Benefits of Window Functions
Window functions provide several key benefits over using standard aggregations or self joins to calculate analytics:
-
Simplified queries – Window functions allow you to calculate complex analytics in a single query without the need for joining the table to itself or nesting subqueries. This makes the code easier to write, read, and maintain.
-
Better performance – Because the window calculations are applied after the main query‘s joins, filters, and aggregations, the optimizer often processes them more efficiently than a self-join approach. The database also does not need to create large intermediate result sets.
-
Enhanced functionality – Window functions can do things that would be very difficult with standard SQL, like ranking rows, accessing values from other rows, and calculating moving averages. They provide a concise syntax for these use cases.
Conclusion
Window functions are a powerful tool for calculating analytics and generating insights from your data. By understanding how the OVER clause, PARTITION BY, ORDER BY, and frame boundaries work, you can begin leveraging them to write simpler, faster, and more capable SQL queries.

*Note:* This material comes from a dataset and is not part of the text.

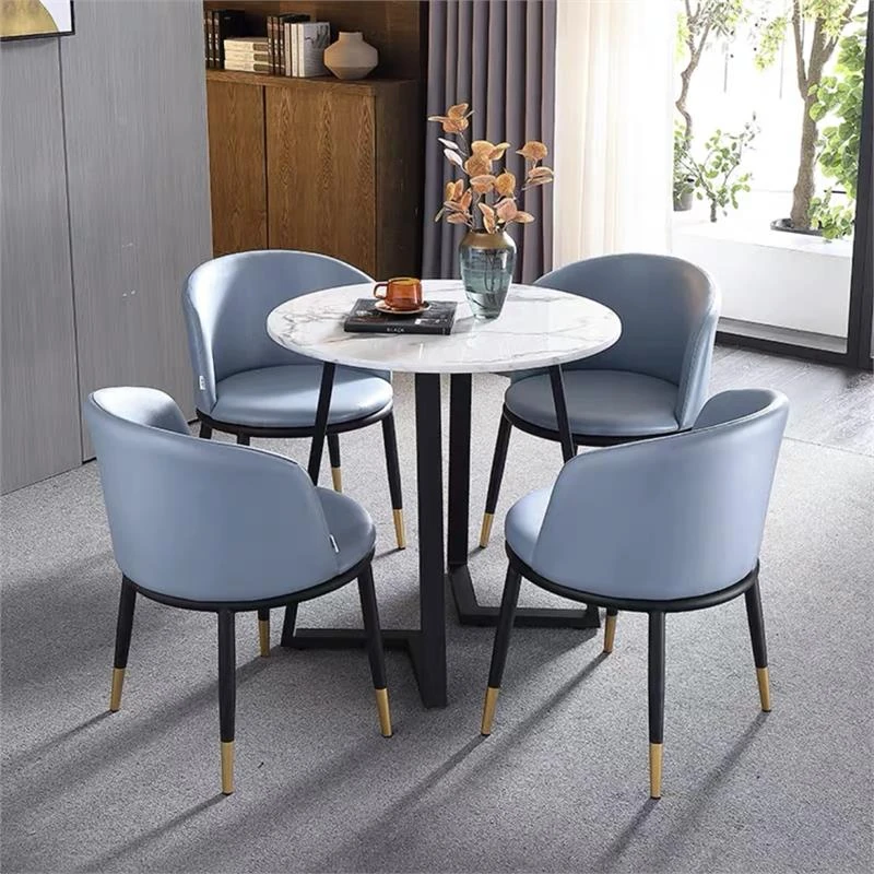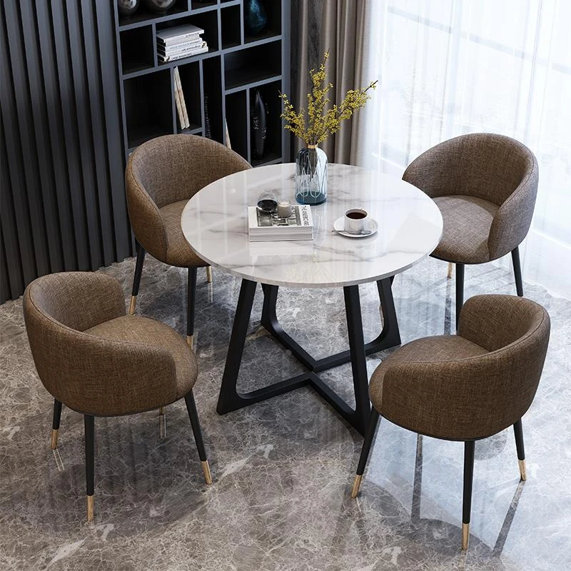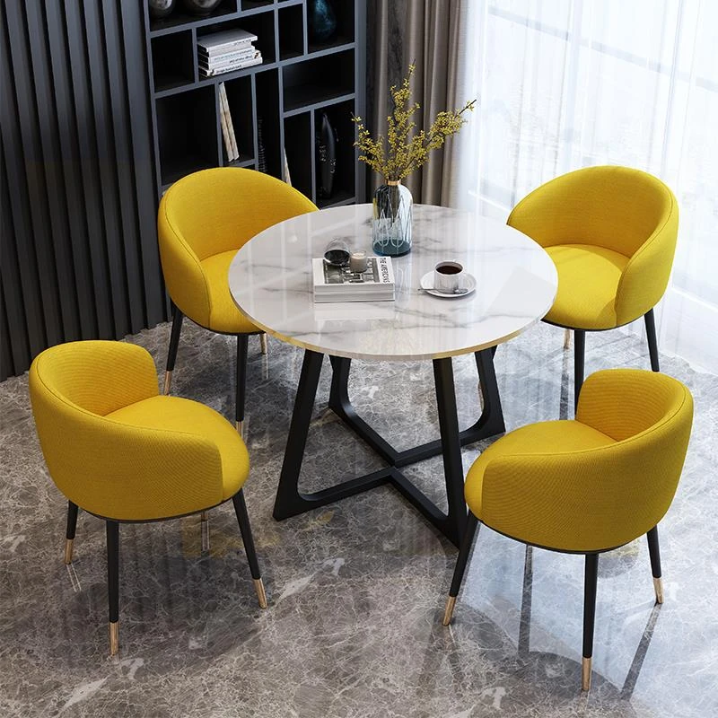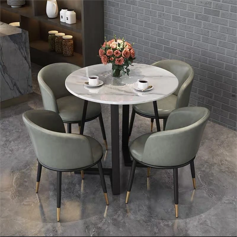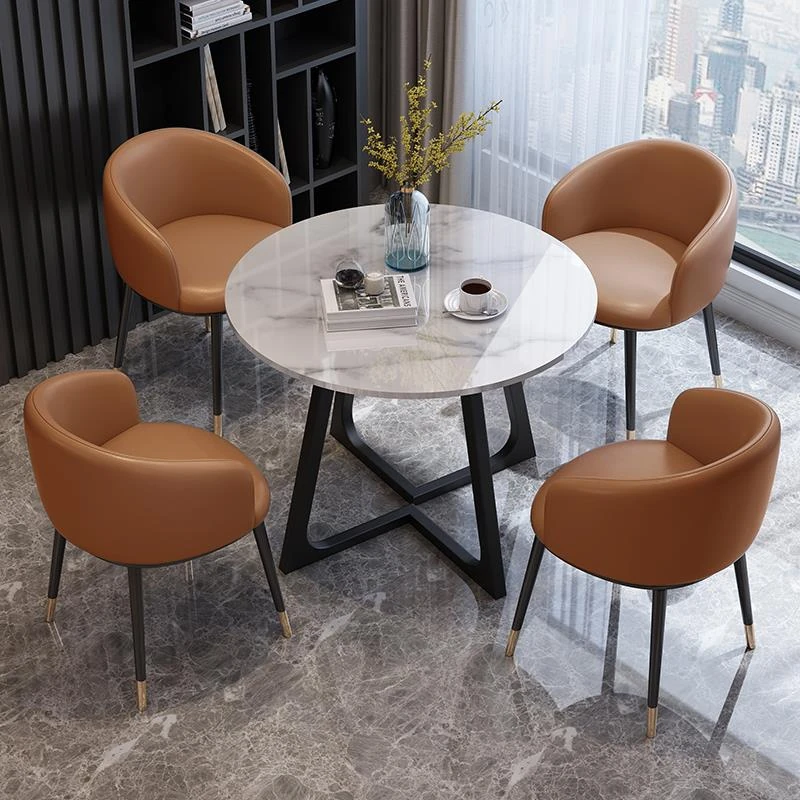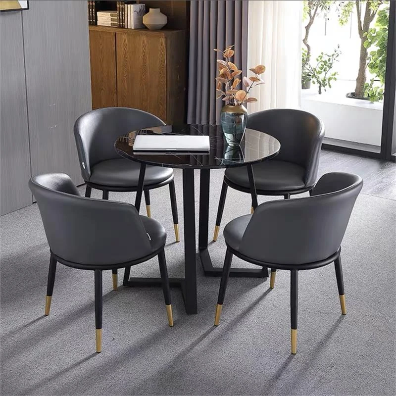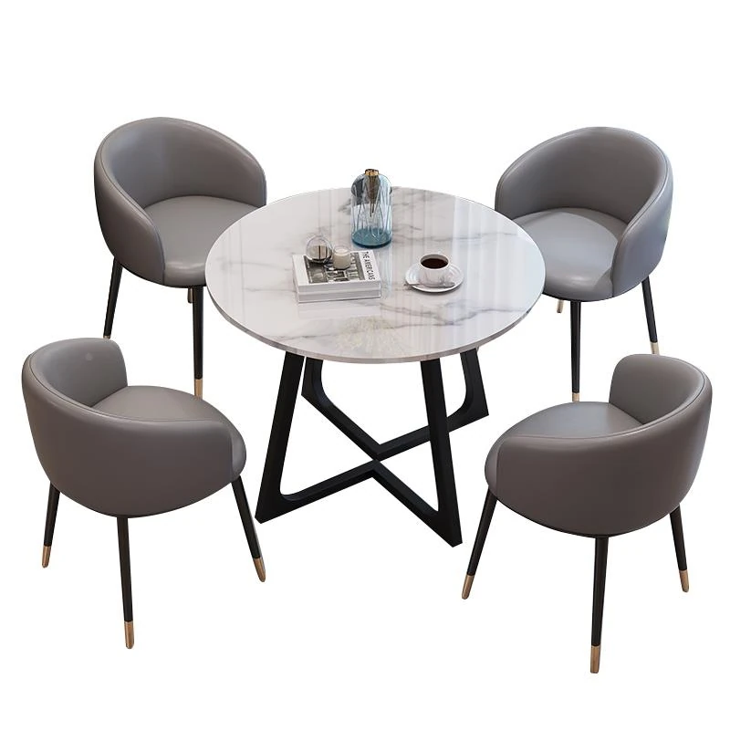 大理石デザインの軽やかラグジュアリーな小丸テーブル&チェアセット - モダンな営業所に最適な商用オフィス用会議テーブル、スタイリッシュなダイニング体験を提供!
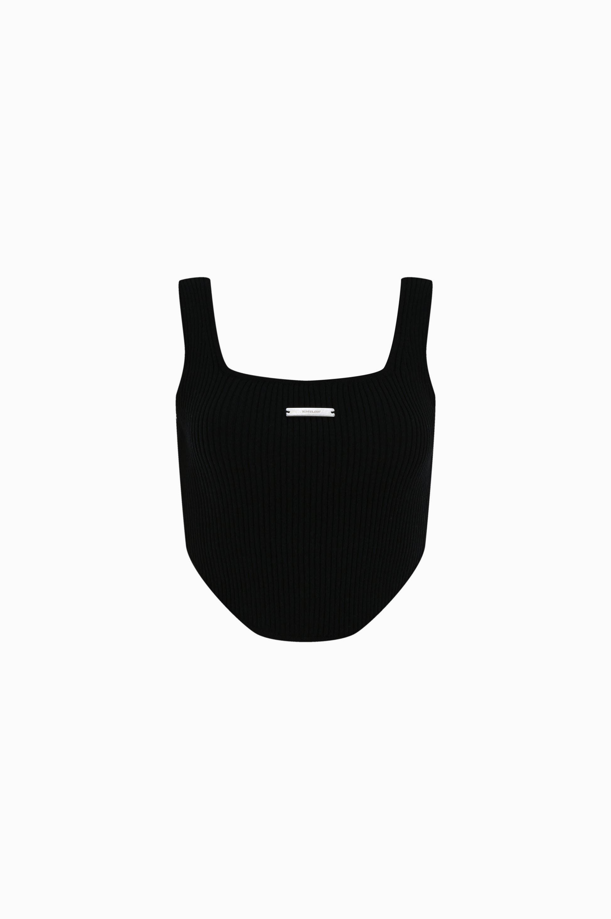 Kare yaka, kalın askılı, önü uzun arkası kısa asimetrik kesim, metal plaka detaylı, fitil örgülü, siyah triko crop top.

The key is to think about your data in terms of windows – which rows do you want to perform a calculation over for each row? Partitioning, ordering, and framing provide flexible ways to define those windows based on your analysis goals. I encourage you to practice using window functions in your own projects and explore the other functions I didn‘t cover here, like PERCENTILE_CONT() and CUME_DIST(). The more you use them, the more opportunities you will find to replace complex, multi-step logic with elegant window queries!